Tensions run high on Serbia’s border with northern Kosovo, as neither of the conflicting sides is prepared to rule out a further escalation of violence.
Local Serbs say NATO forces are to blame, for breaking an agreement by trying to remove a barricade blocking the way to one of a number of disputed checkpoints.
The move prompted violent clashes that left dozens injured on both sides.
Last night in Northern Kosovo passed without violence though this does not mean that the source of tensions has disappeared.
On November 23 the NATO’s KFOR forces attempted to remove a barricade put up by ethnic Serbian minority of the region. The resistance was tense so the soldiers used tear gas. More than 20 people were injured but the Serbs got it their way and the KFOR operation was ceased.
RT crew traveled around the area and saw the barricades that have been there for the last four months still up. They are constantly maintained and people there say they are not going to abandon them in any case and in fact are planning to build more of them.
To an untrained eye those barricades seem to be mere piles of rubble, amateurishly constructed. One would never say they could become a cause of armed conflict.
But in order to comprehend why the barricades appeared in the first place, the developments in July in Kosovo must be remembered.
The Serbian minority, that constitutes 10 per cent of the Kosovo population, lost any kind of legal status once Kosovo unilaterally proclaimed independence from Serbia in 2008. The Kosovo Serbs still consider themselves the citizens of Serbia. Needless to say that the Kosovo Albanians do not consider Northern Kosovo to be independent and expect Serbs to leave their homes and move to Serbia.
Until July the Serbs in northern Kosovo were allowed a measure of self-independence and an ability to be in free contact with mainland Serbia. But then the official Pristina (Kosovo capital) decided to take the border with Serbia under control, to install customs stations to administrate the goods flow and all the cars and trucks coming into the area.
The Serbs did not see that as a mere formality, but as an infringement of their remaining freedoms. They called it a slippery slope, first comes the customs control – then they become hostages of a political will of Albanian Pristina.
To prevent that from happening they erected barricades.

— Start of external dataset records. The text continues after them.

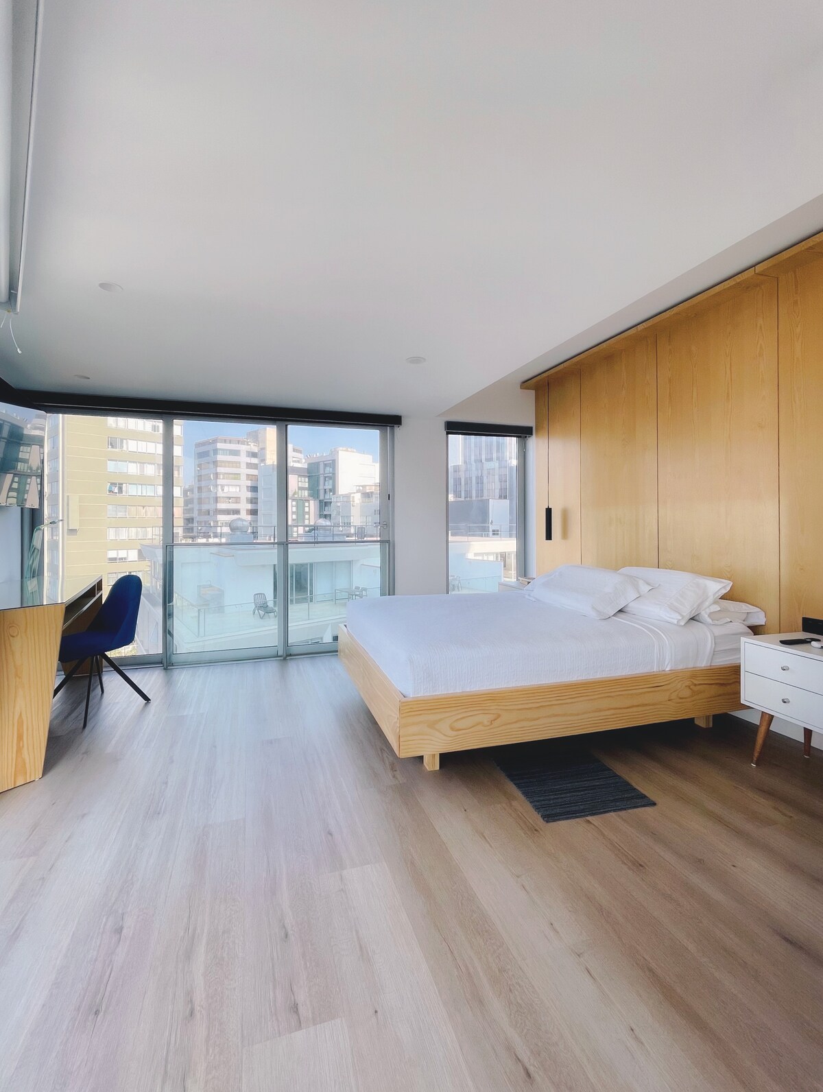 Departamento amplio y elegante en el corazón de Barranco. Ubicación privilegiada: A pasos de los principales puntos turísticos de Barranco y Miraflores, de los mejores restaurantes, bares y galerías de arte. Dormitorio principal: Cama king-size y gran walking closet. Espacio abierto y luminoso: Sala de estar y kitchenette con luz natural. Cochera privada: sujeta a disponibilidad Áreas comunes: Gimnasio, ambiente para reuniones y area de juego para niños. Estilo minimalista.
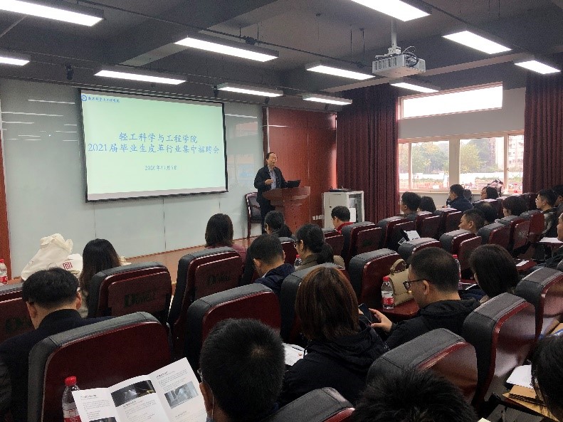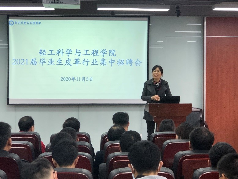 接着,院长何有节教授代表学院感谢与会企业的到来,指出当前皮革行业急需高学历人才的现状,并对企业及学生提出美好祝愿。生物质与皮革工程系主任林炜教授代表全系师生欢迎企业参加本次招聘会,介绍了学院与企业共同合作培养学生所取得的一系列成果,表明学院一直坚持以解决问题为导向培养学生,同时希望2021届毕业生能为企业做出贡献。
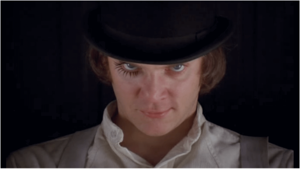 或许最有名的凝视就是“Kubrick Stare”。这是一种电影中用来刻画精神失常或情绪不稳定角色的技巧。演员的目光会从眉心下方位置向外勾起,并将头倾斜朝向镜头。很多影评人说库布里克的凝视能够打破“第四面墙”,引发观众的恐惧、不安。其中最有名的例子就是在《发条橙》里亚历克斯的凝视。

Then it appeared a compromise was found when it was announced that the customs stations will be controlled not by Albanians, but by KFOR forces.
The only matter is that the Serbs never trusted KFOR, seeing it as a force that conducts NATO policies in the region, making the separation of Kosovo from Serbia possible in the first place and protecting Albanian interests only.
And Serbs have every right to stick to their opinion since KFOR has never been noticed in any sympathies with Serbs.
This time it was exactly the same. Once the tensions run high and an attempt to remove the barricades was made, KFOR opened fire at protestors with live ammunition, later claiming they were using rubber bullets.
But doctors of that region that were treating the wounded – they have seen enough to tell the difference between a rubber bullet wound and a real one. Luckily enough, no one was killed.
In the last decade of November KFOR started another operation to remove the barricades and again the Serbs who were born in Kosovo made a stand, clearly understanding this might be their last one, saying firmly they will not leave their land.